I love golf for many reasons. I love it because you get to be outdoors in beautiful scenery, and feel the breeze, and see the green grass, and walk, and walk, and walk (yes I walk and carry my clubs). I am by no means the golfer I was fifteen years ago. Time and age have a way of diminishing things. I don’t play to win, I play for exercise, for fun, for some good shots once in while, and for fellowship when I have a partner to play with. But mostly I play because it brings back lots of memories of time with my Dad. When he passed three years ago, golf took on more importance in my life. It’s a place where I feel in touch with him, and I sure do miss him. I remember him hitting good shots and bad shots. I remember him actually hitting me with one drive as I had gone down to the dogleg to spot for him while he hit. The ball came out of the sky, hit on my shoulder and bounced onto a little patch of grass next to the green. The last round I remember playing with him and my sister Laura, he struggled to complete a few holes. He was not in shape for it any more, and he was frustrated. The mind was willing, but the flesh kept letting him down. I know the feeling these days.

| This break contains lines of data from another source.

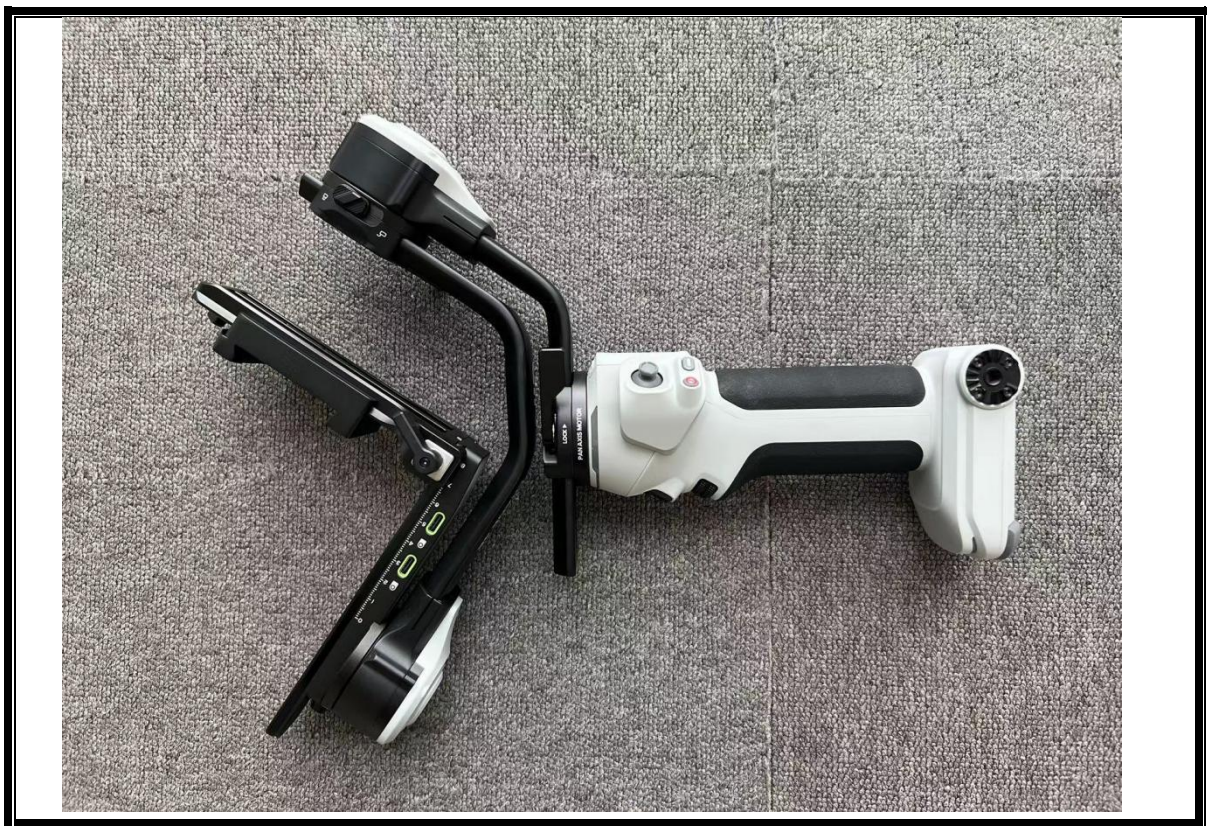
侧面照（含发射口、接口等部位）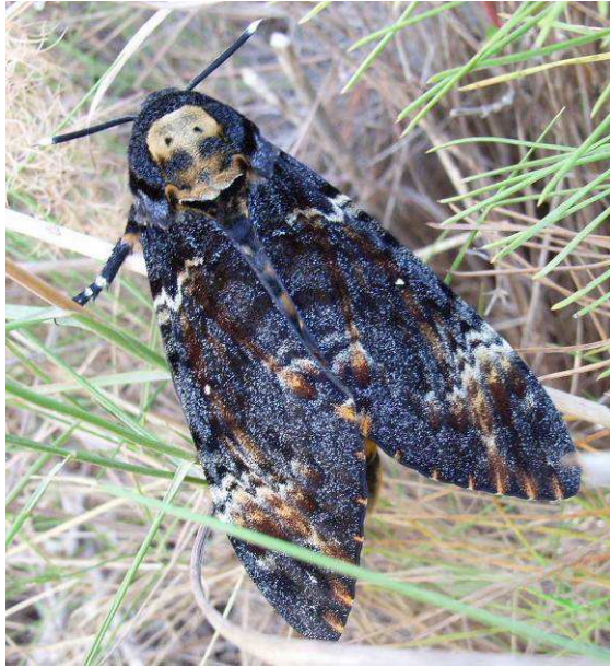
Abbildung 11: Der Totenkopfschwärmer Acherontia atropos mit der auffallenden namensgebenden Zeichnung am Rücken.

Tropen Afrikas liegt und der in Europa nur im äußersten Süden bodenständig ist.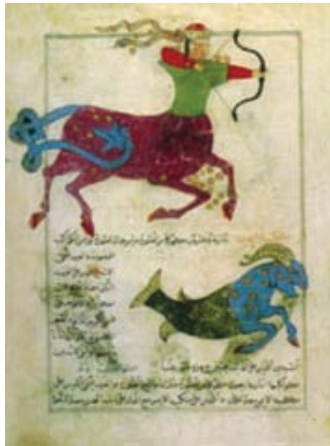
تصویر ۱۸- صورت فلکی قنطورس، کتاب عجایب المخلوقات قزوینی، مکتب بغداد، سده هشتم هجری

کتاب‌های علمی در پایتخت‌های جهان اسلام (قاهره، بغداد، دمشق، تبریز، شیراز، هرات و ...) است. از آثار با ارزش این دوره کتاب‌های منافع الحيوان، عجایب المخلوقات و ماتریا مدیکا (مواد طبی) است (تصاویر ۱۷ و ۱۸).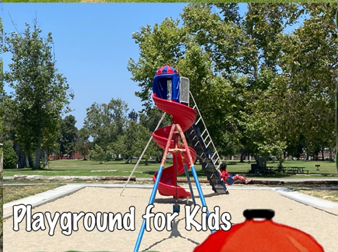
Playground for Kids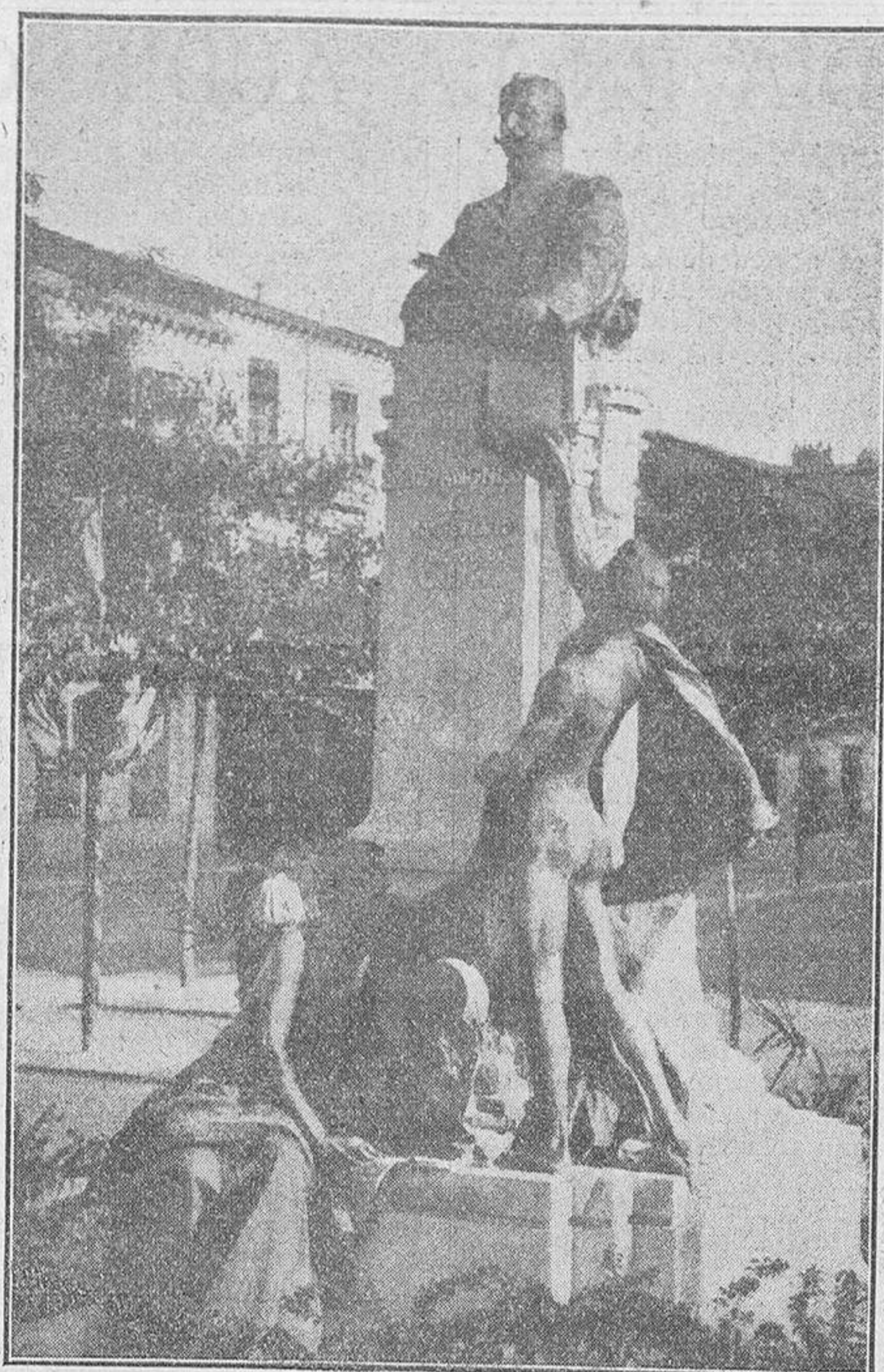
La estatua del Conde de Romanones, que se está desmontando de una plaza pública de Guadalajara, para ser colocada en el patio de la Escuela Normal de Maestros, de dicha población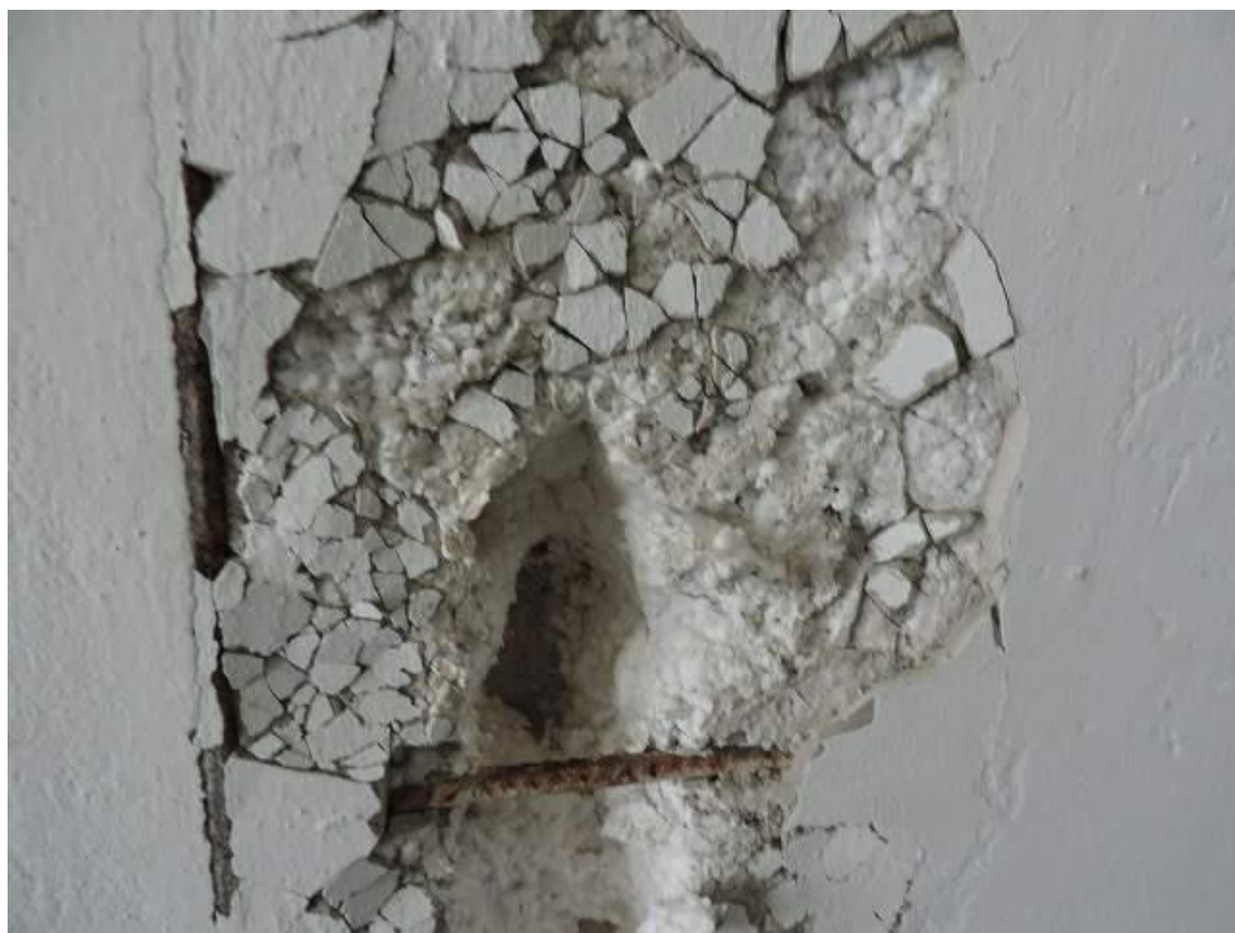
Foto 8: Detalle de revoques desprendidos en celdas con estructura de hierro visible.

I have seen some very good golf movies— The Legend of Bagger Vance, Tin Cup, The Greatest Game Ever Played. ‘Seven Days in Utopia’ is not of the same caliber as those movies in terms of script, dialogue, plot, but it does have heart, and it has a national treasure starring in it— namely Robert Duvall, who plays Johnny Crawford, one time PGA golfer who will mentor a young golfer named Lucas Chisholm (played by Lucas Black) who has just come off the biggest meltdown of his young career, with his golfing future in doubt.
This is a low budget Christian film, with some big name golfers in it (K.J. Choi mainly, playing T.K. Oh— we could have done with a little less comical moniker for a golfer). The film is set in Texas with some of the scenery looking like it was shot near Kerrville. There is mentoring, there is a spot of romance (chaste— not even any kissing!), there is old fashioned fun at the rodeo and watching fireworks, and catching fire flies no less. The story is a bit of a Texas fairy tale (the domineering father, the uncertain son, the new mentor who rescues his career— can you say Karate Kid), and a somewhat gimmicky ending (you have to go to a website—www.maketheputt.com to see how the story actually turns out).
Leaving the critique aside, I enjoyed this film, and it is fine and dandy to take the family to. It is more than a bit predictable, but then wholesome life with a certain pattern is. It is indeed a movie about faith and trust, but it is not heavy-handed in its presentation of the Christian faith. It’s a film you could take a non-Christian friend to, and at one hour and 39 minutes, it should not be boring to anyone. Don’t look for any Oscar nods for this film, but more importantly if it helps change any lives into a more Christward direction, then it has a reward far greater than Hollywood could ever grant.